Bug #15497
closedEncoding of error messages should not depend on the locale encoding
Description
This seems to happen mostly for internal errors, as raise
in Ruby code of course just uses the passed String's encoding for the message.
Example:
name = "été"
p name.encoding
begin
Module.new.const_set(name, 1)
rescue => e
p e
p e.message.encoding
end
When run, it gives:
$ LANG=en_US.UTF-8 ruby c.rb
#<Encoding:UTF-8>
#<NameError: wrong constant name été>
#<Encoding:UTF-8>
$ LANG=C ruby c.rb
#<Encoding:UTF-8>
#<NameError: wrong constant name "\u00E9t\u00E9">
#<Encoding:US-ASCII>
Depending on the locale encoding, the encoding of the message changes!
This seems very unexpected, is inconvenient for testing (e.g., https://github.com/ruby/spec/commit/a6101a6e and any test checking exception messages with non-US-ASCII characters),
and does not represent what is in the source code (here it's clearly a valid UTF-8 String).
I think for such a case, the encoding of the constant name should be used, i.e., UTF-8.
Another way to see it is the message should be built like "wrong constant name ".force_encoding('us-ascii') + constant_name
.
Indeed, if we do build the message manually like that it works as expected:
name = "été"
begin
raise "wrong constant name ".force_encoding('US-ASCII') + name
rescue => e
p e
p e.message.encoding
end
gives
$ LANG=en_US.UTF-8 ruby c.rb
#<Encoding:UTF-8>
#<RuntimeError: wrong constant name été>
#<Encoding:UTF-8>
$ LANG=C ruby c.rb
#<Encoding:UTF-8>
#<RuntimeError: wrong constant name \u00E9t\u00E9>
#<Encoding:UTF-8>
Note that the message still looks different, but that's the effect of Kernel#p
, because it does not know how to display UTF-8 characters in a US-ASCII terminal.
Nevertheless, both messages have the same bytes and encoding, which fixes all 3 problems mentioned above.
Setting Encoding.default_internal
can workaround this but it's a bad workaround as this cannot work reliably in a multithreaded Ruby application,
affects many more things than just error messages, and the default behavior should be error messages with a deterministic encoding, just like raise
in Ruby code.
Updated by duerst (Martin Dürst) about 6 years ago
I agree that the locale encoding should only be taken into account when the message is actually output, not as long as it is passed around inside Ruby.
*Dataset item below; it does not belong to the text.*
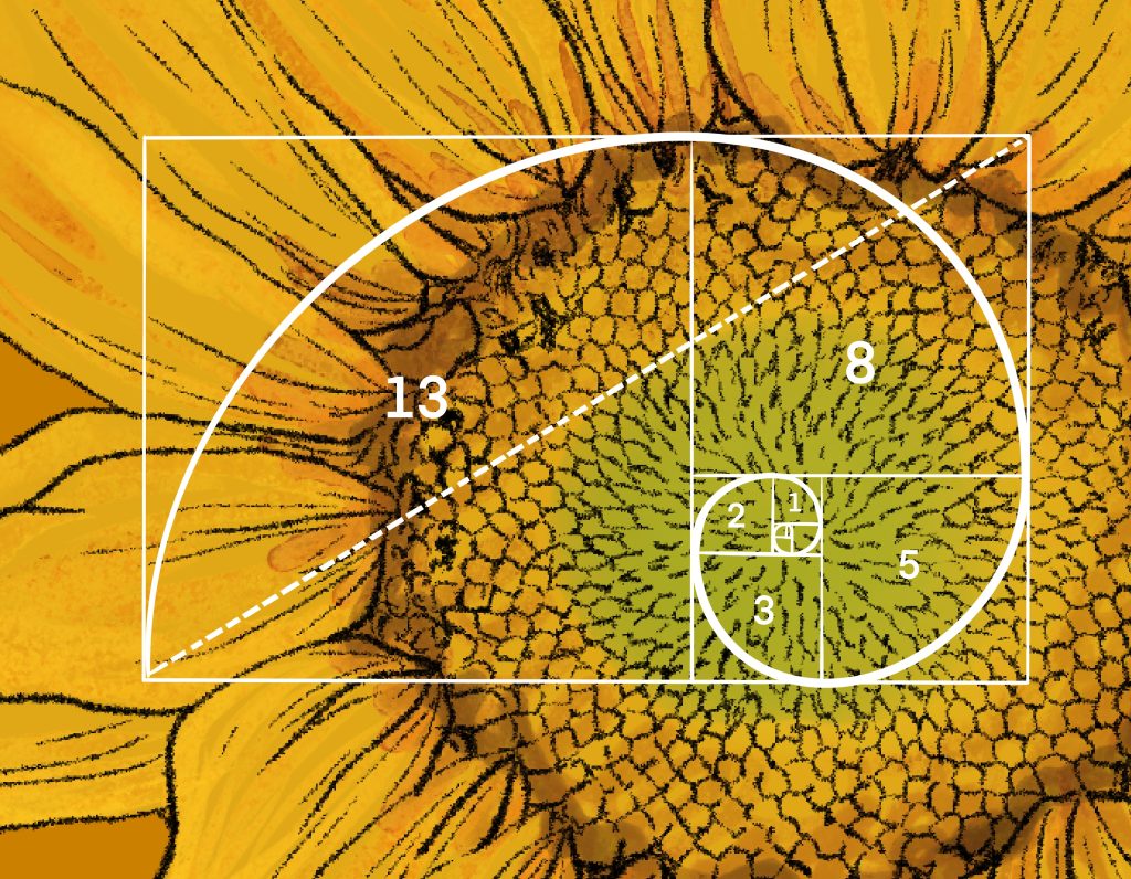 「每当我们绘制一个黄金矩形,便能将其旋转并在内部生成更小的矩形。这些矩形的所有长度与宽度皆源自斐波那契数列。随着越来越多小型矩形迭加,整体将呈现特殊螺旋形态——此现象遍布自然界。例如:向日葵中心籽粒的排列、松果的结构与花瓣的分布、叶片环绕茎干的排列、银河系等螺旋星系的形态、某些蜘蛛网的设计、飓风的螺旋轨迹,甚至人类的身体结构皆可窥见其踪迹。

Updated by nobu (Nobuyoshi Nakada) about 6 years ago
- Description updated (diff)
It is intended for not only different encoding characters, but also control characters, e.g., "\0".
The message
is to display, and it is not good idea to show such chars directly, I guess.
And name
is available for the bare purpose.
Updated by nobu (Nobuyoshi Nakada) about 6 years ago
- Status changed from Open to Closed
Applied in changeset trunk|r66753.
Defer escaping control char in error messages
- eval_error.c (print_errinfo): defer escaping control char in
error messages until writing to stderr, instead of quoting at
building the message. [ruby-core:90853] [Bug #15497]